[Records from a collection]
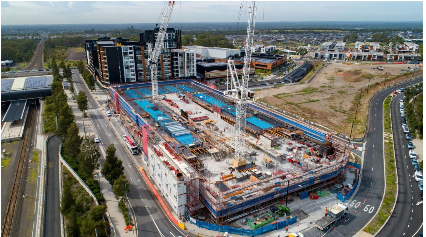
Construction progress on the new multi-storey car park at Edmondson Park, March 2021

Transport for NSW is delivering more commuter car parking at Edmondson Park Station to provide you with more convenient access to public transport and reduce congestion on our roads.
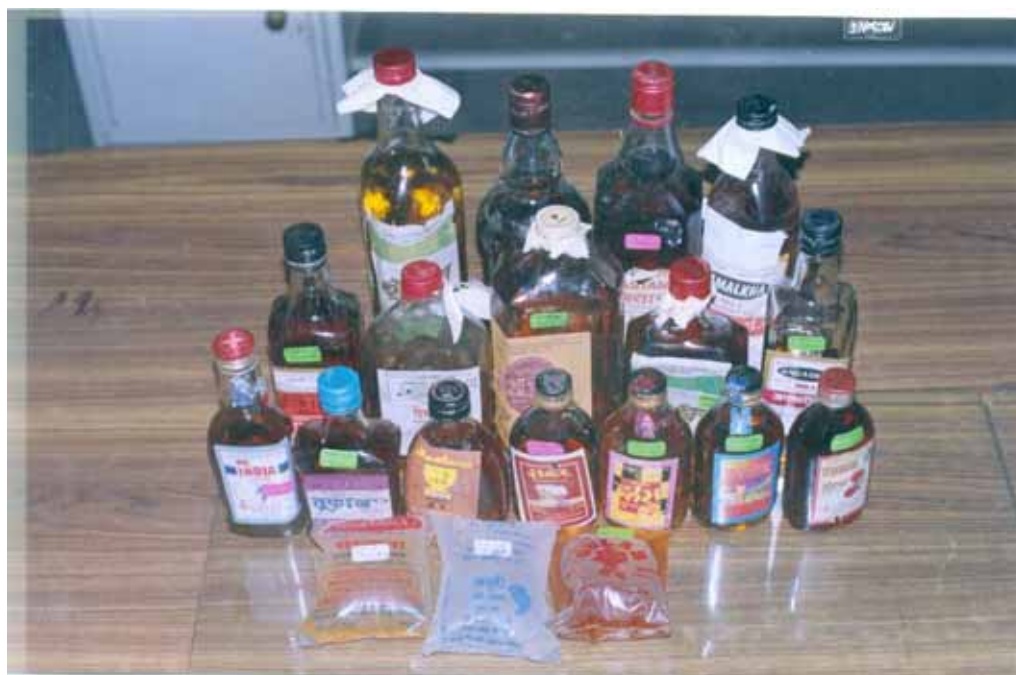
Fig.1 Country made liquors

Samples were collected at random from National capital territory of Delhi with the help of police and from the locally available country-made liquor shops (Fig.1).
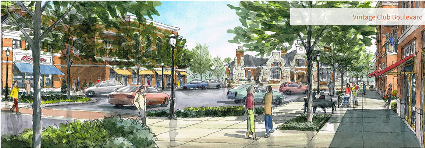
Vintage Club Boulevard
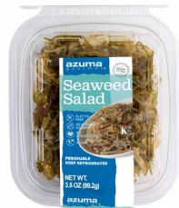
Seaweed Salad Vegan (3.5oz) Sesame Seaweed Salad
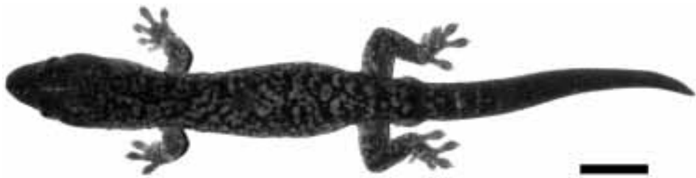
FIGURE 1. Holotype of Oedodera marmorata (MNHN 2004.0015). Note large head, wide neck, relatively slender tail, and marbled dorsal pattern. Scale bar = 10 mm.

Work task:
A single number is required: how many lines in these records contain "Edmondson".

Solution to the exercise:
2